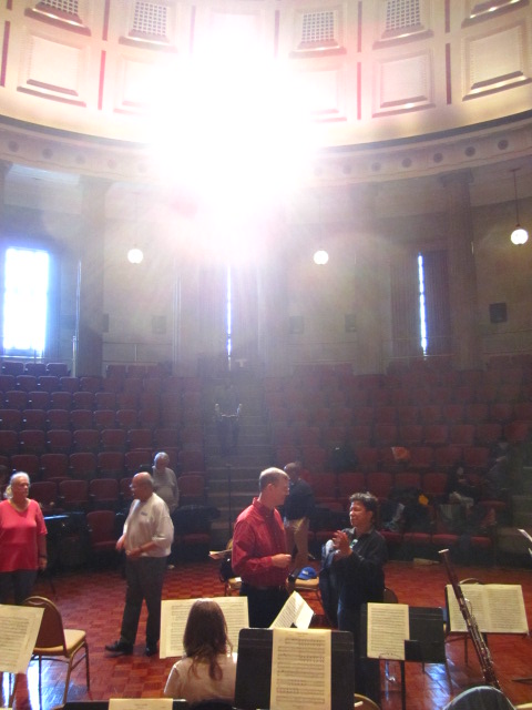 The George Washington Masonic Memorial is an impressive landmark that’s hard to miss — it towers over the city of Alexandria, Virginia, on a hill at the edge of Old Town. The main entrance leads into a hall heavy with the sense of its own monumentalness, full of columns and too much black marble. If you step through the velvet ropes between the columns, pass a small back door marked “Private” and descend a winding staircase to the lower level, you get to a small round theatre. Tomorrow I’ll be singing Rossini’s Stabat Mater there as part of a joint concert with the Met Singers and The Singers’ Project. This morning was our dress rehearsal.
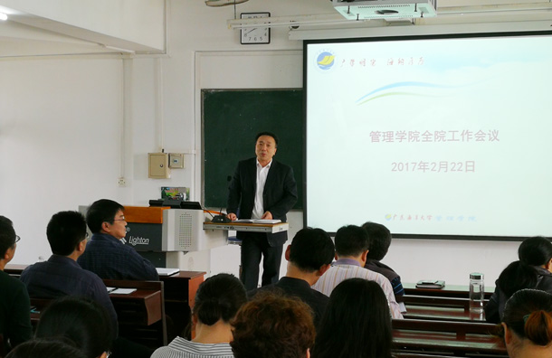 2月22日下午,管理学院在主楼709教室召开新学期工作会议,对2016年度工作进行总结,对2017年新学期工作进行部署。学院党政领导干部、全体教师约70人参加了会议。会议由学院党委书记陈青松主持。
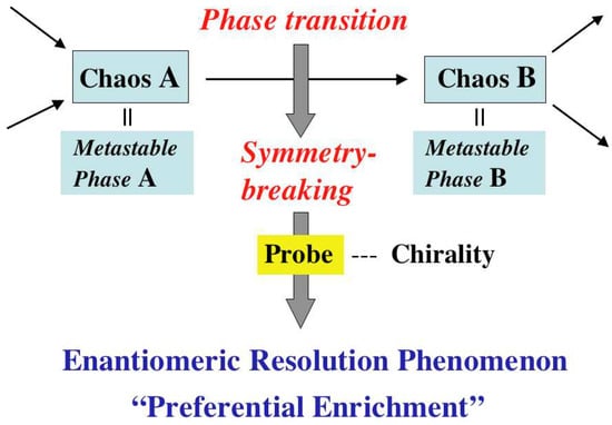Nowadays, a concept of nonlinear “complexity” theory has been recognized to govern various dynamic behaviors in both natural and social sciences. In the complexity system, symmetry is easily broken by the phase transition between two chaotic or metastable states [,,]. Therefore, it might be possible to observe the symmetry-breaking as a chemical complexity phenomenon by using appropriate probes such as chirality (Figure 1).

Your objective: With pictures excluded, the material is to be written out exactly as given.

Exercise solution:
 The George Washington Masonic Memorial is an impressive landmark that’s hard to miss — it towers over the city of Alexandria, Virginia, on a hill at the edge of Old Town. The main entrance leads into a hall heavy with the sense of its own monumentalness, full of columns and too much black marble. If you step through the velvet ropes between the columns, pass a small back door marked “Private” and descend a winding staircase to the lower level, you get to a small round theatre. Tomorrow I’ll be singing Rossini’s Stabat Mater there as part of a joint concert with the Met Singers and The Singers’ Project. This morning was our dress rehearsal.
 2月22日下午,管理学院在主楼709教室召开新学期工作会议,对2016年度工作进行总结,对2017年新学期工作进行部署。学院党政领导干部、全体教师约70人参加了会议。会议由学院党委书记陈青松主持。
Nowadays, a concept of nonlinear “complexity” theory has been recognized to govern various dynamic behaviors in both natural and social sciences. In the complexity system, symmetry is easily broken by the phase transition between two chaotic or metastable states [,,]. Therefore, it might be possible to observe the symmetry-breaking as a chemical complexity phenomenon by using appropriate probes such as chirality (Figure 1).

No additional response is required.